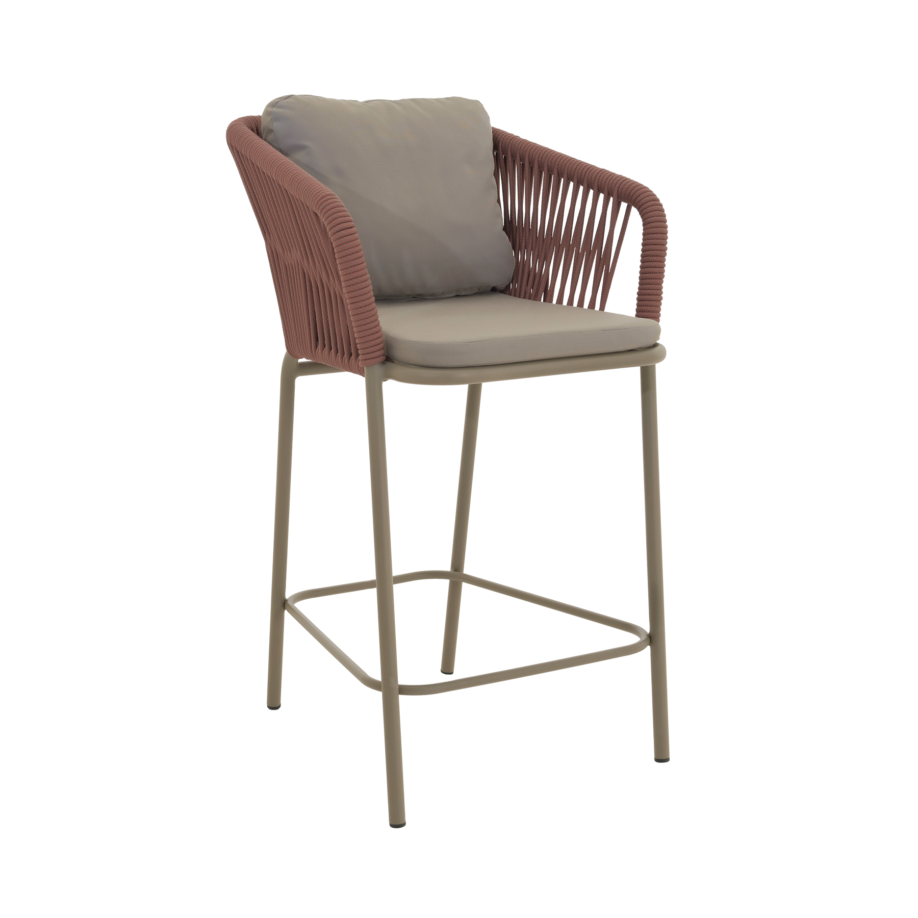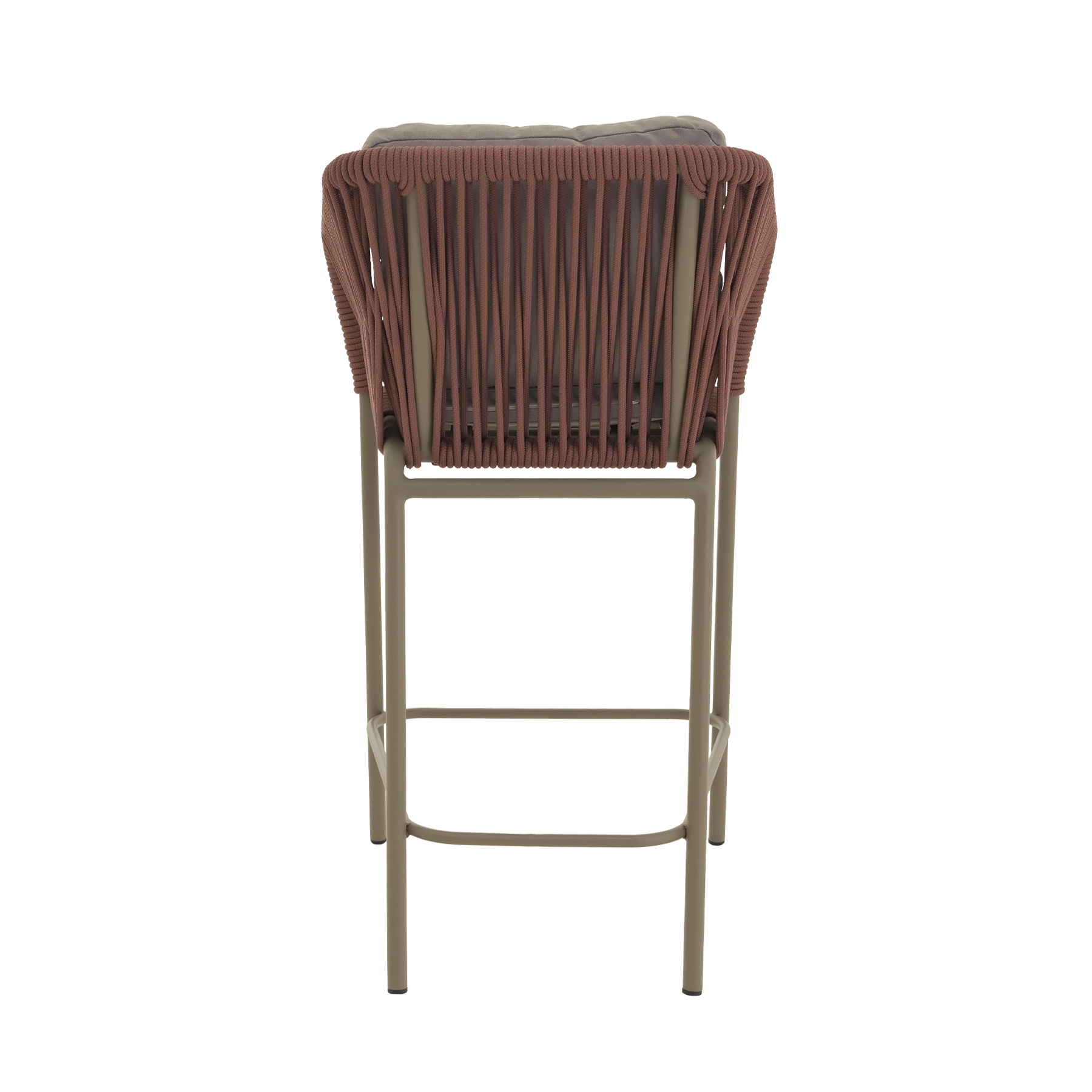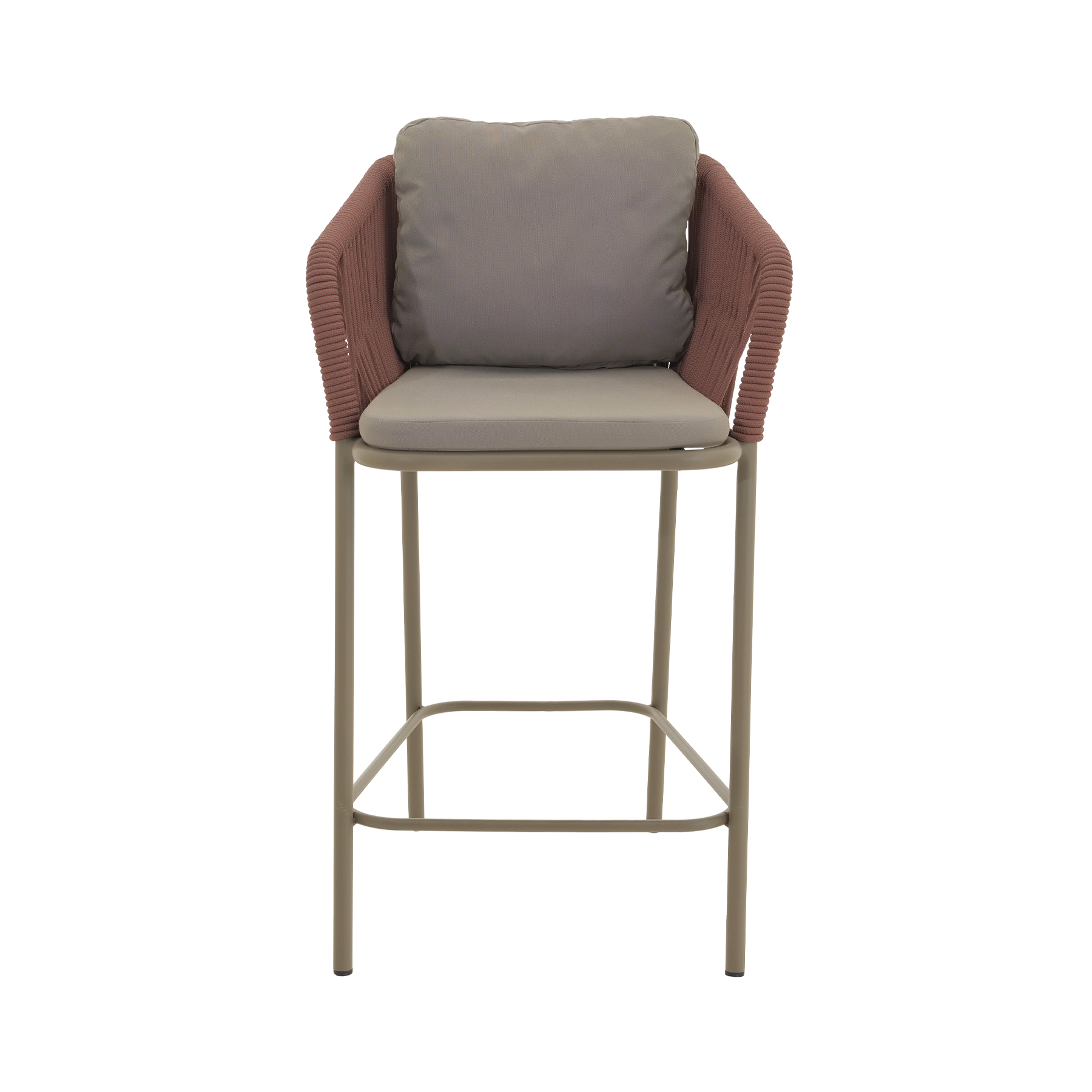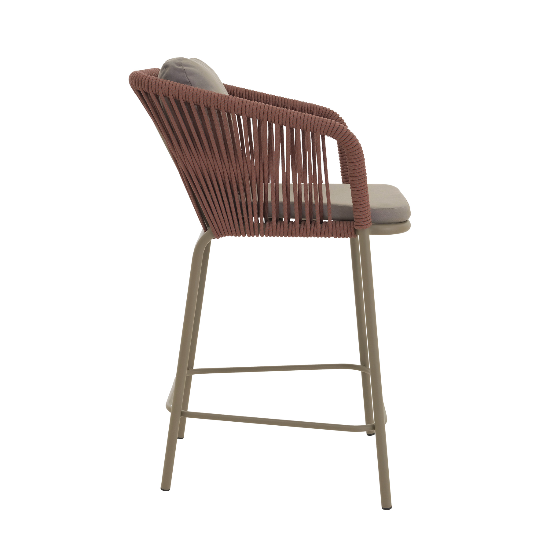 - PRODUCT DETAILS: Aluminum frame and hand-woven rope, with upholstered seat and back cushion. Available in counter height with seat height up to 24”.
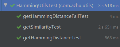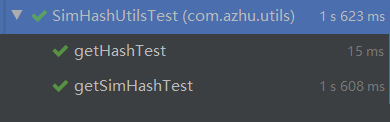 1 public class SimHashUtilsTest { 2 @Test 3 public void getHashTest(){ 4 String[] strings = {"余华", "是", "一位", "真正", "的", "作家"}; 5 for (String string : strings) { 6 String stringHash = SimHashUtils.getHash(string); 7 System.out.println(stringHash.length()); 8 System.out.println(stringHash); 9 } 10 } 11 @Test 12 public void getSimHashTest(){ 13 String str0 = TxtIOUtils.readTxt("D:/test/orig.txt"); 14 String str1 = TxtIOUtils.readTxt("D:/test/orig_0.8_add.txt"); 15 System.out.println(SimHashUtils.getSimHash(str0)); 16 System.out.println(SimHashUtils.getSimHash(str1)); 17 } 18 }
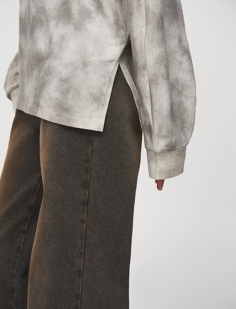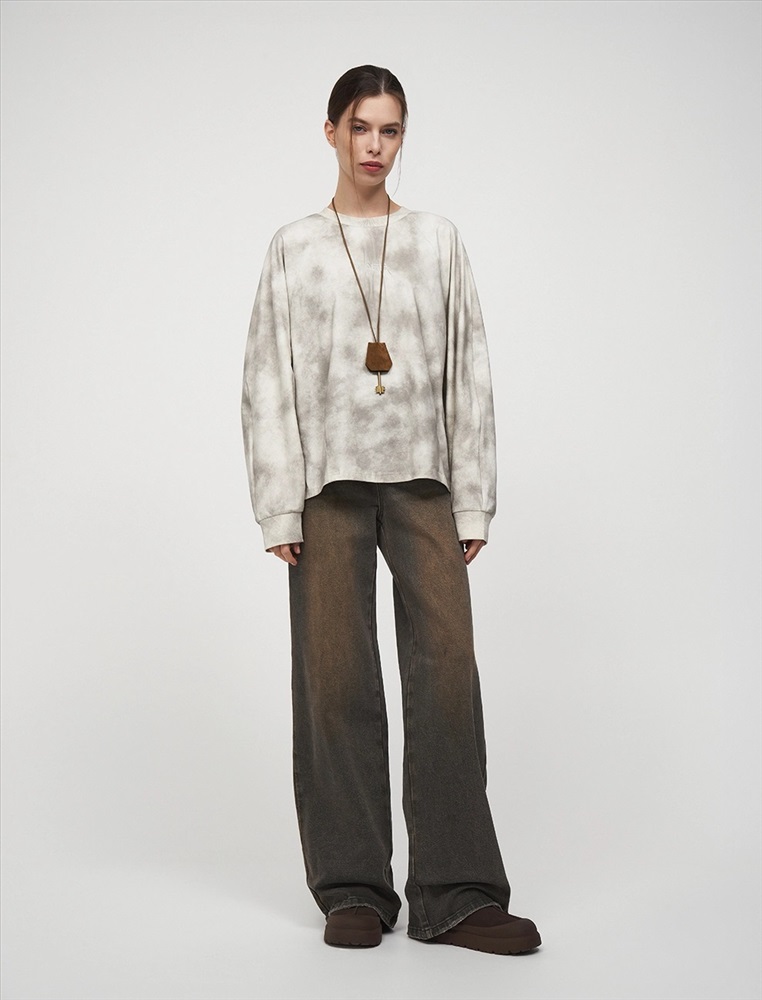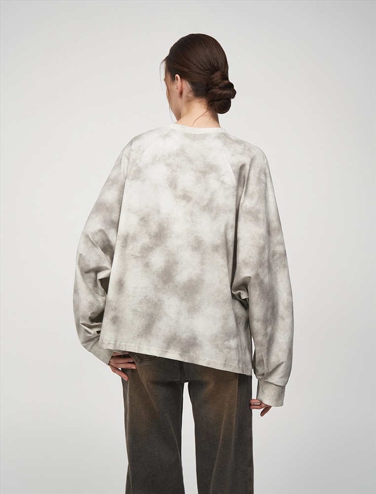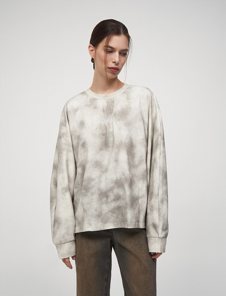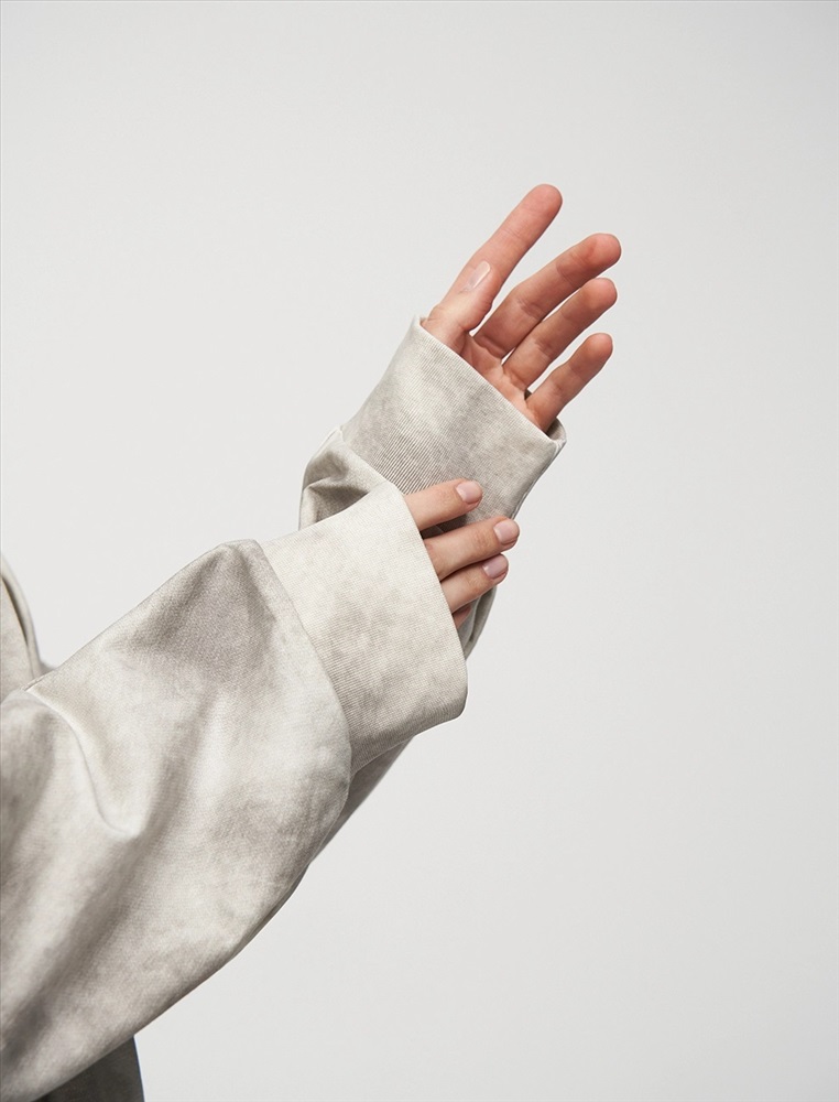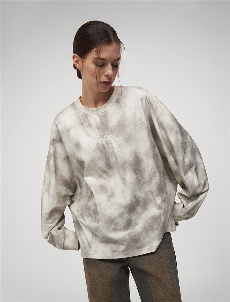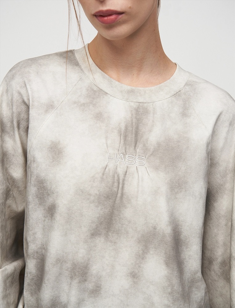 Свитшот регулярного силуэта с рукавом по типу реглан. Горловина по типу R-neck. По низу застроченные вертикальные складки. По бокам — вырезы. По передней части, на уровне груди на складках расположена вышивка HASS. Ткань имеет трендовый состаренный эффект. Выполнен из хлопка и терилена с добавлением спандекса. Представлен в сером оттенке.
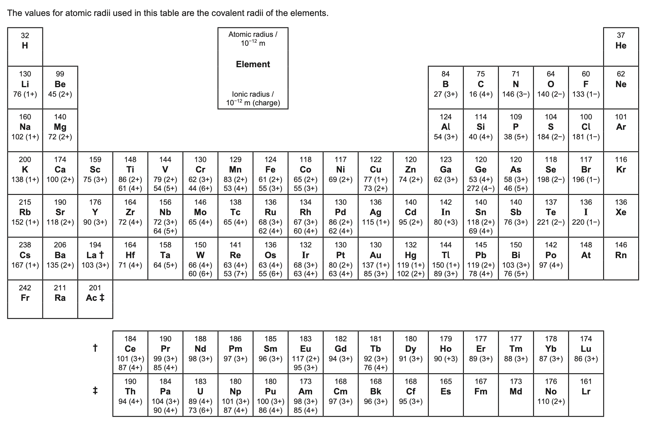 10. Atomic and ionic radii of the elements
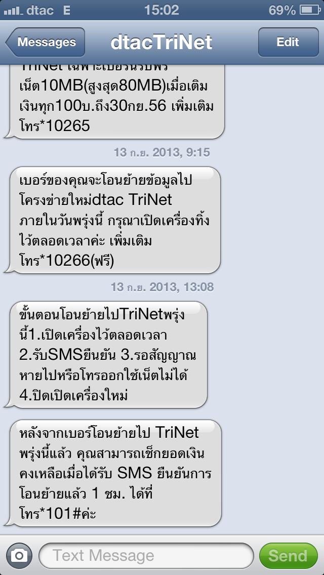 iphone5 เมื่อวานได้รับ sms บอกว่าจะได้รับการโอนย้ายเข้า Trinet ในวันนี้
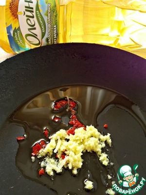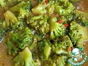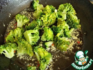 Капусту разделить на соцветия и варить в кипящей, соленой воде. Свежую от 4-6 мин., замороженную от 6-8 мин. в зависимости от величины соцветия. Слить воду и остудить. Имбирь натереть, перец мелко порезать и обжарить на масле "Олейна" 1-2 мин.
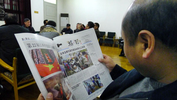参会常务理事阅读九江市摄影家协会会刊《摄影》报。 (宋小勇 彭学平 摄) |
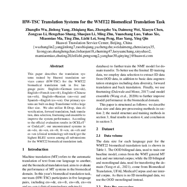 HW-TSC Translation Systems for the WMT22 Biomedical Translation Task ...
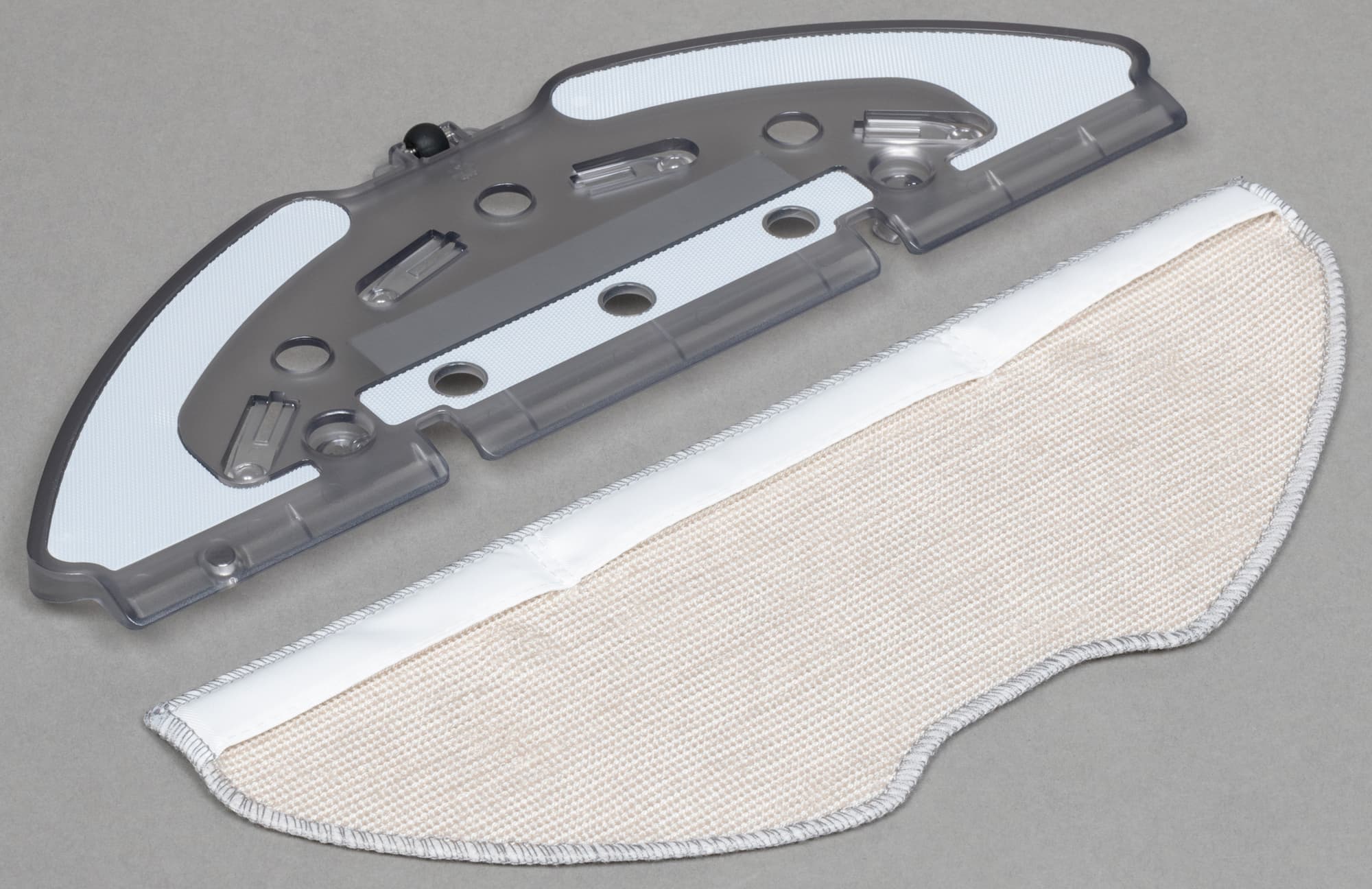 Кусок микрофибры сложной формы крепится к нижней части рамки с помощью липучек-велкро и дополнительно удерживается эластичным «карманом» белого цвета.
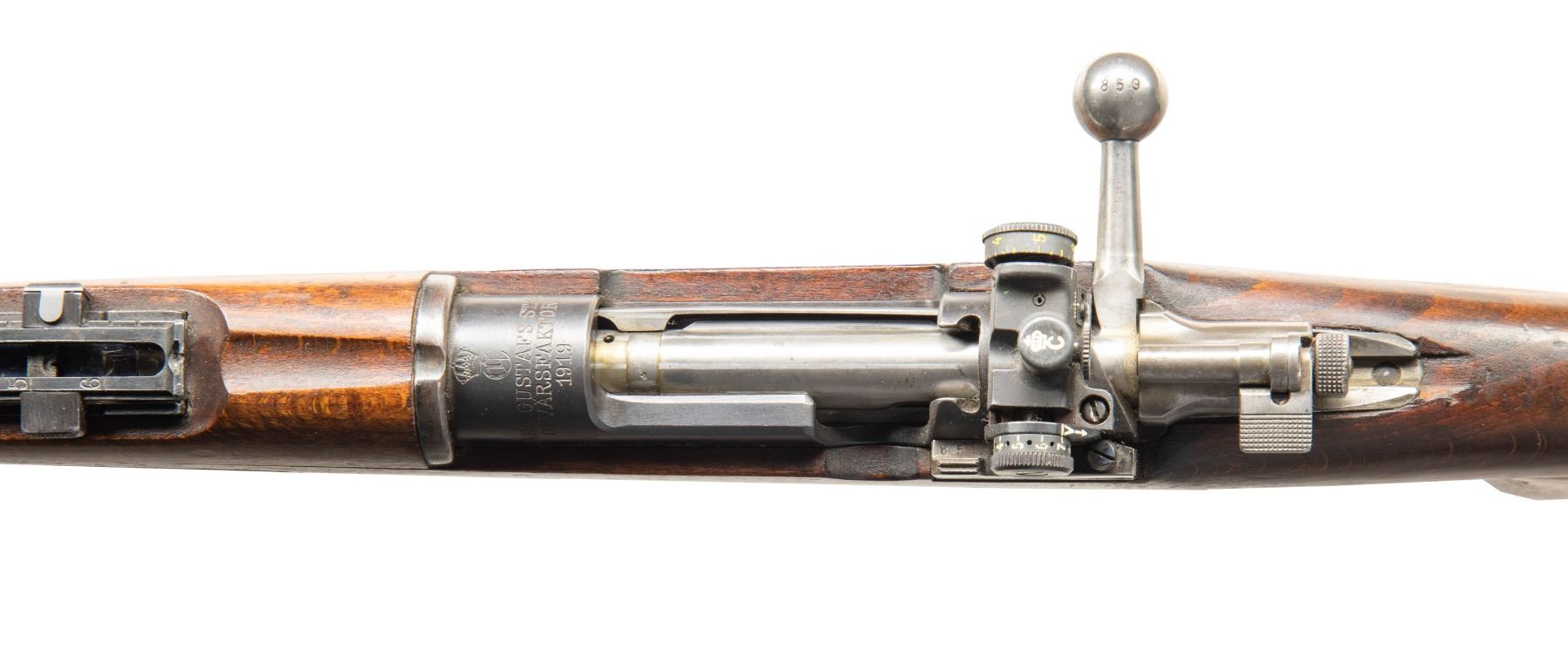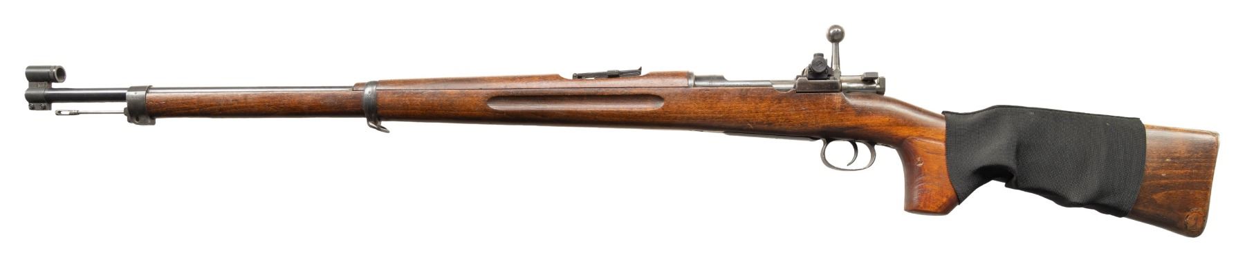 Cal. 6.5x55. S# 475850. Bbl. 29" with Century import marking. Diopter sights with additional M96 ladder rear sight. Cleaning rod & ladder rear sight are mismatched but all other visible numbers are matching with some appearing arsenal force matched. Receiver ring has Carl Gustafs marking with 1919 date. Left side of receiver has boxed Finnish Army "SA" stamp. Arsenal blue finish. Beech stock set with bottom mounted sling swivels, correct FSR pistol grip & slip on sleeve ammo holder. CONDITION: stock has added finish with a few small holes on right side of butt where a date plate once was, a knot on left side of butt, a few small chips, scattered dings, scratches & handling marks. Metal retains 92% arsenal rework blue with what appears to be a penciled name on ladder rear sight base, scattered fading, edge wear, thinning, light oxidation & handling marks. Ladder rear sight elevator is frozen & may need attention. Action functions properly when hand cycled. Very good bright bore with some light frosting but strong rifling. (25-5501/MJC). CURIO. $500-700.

◇ ◇ ◇ ◇ ◇

The answer is the lines of the material above, from the one containing "10. Atomic and ionic radii of the elements" down to the one containing "Кусок микрофибры сложной", given exactly and without images.

 10. Atomic and ionic radii of the elements
 iphone5 เมื่อวานได้รับ sms บอกว่าจะได้รับการโอนย้ายเข้า Trinet ในวันนี้
 Капусту разделить на соцветия и варить в кипящей, соленой воде. Свежую от 4-6 мин., замороженную от 6-8 мин. в зависимости от величины соцветия. Слить воду и остудить. Имбирь натереть, перец мелко порезать и обжарить на масле "Олейна" 1-2 мин.
参会常务理事阅读九江市摄影家协会会刊《摄影》报。 (宋小勇 彭学平 摄) |
 HW-TSC Translation Systems for the WMT22 Biomedical Translation Task ...
 Кусок микрофибры сложной формы крепится к нижней части рамки с помощью липучек-велкро и дополнительно удерживается эластичным «карманом» белого цвета.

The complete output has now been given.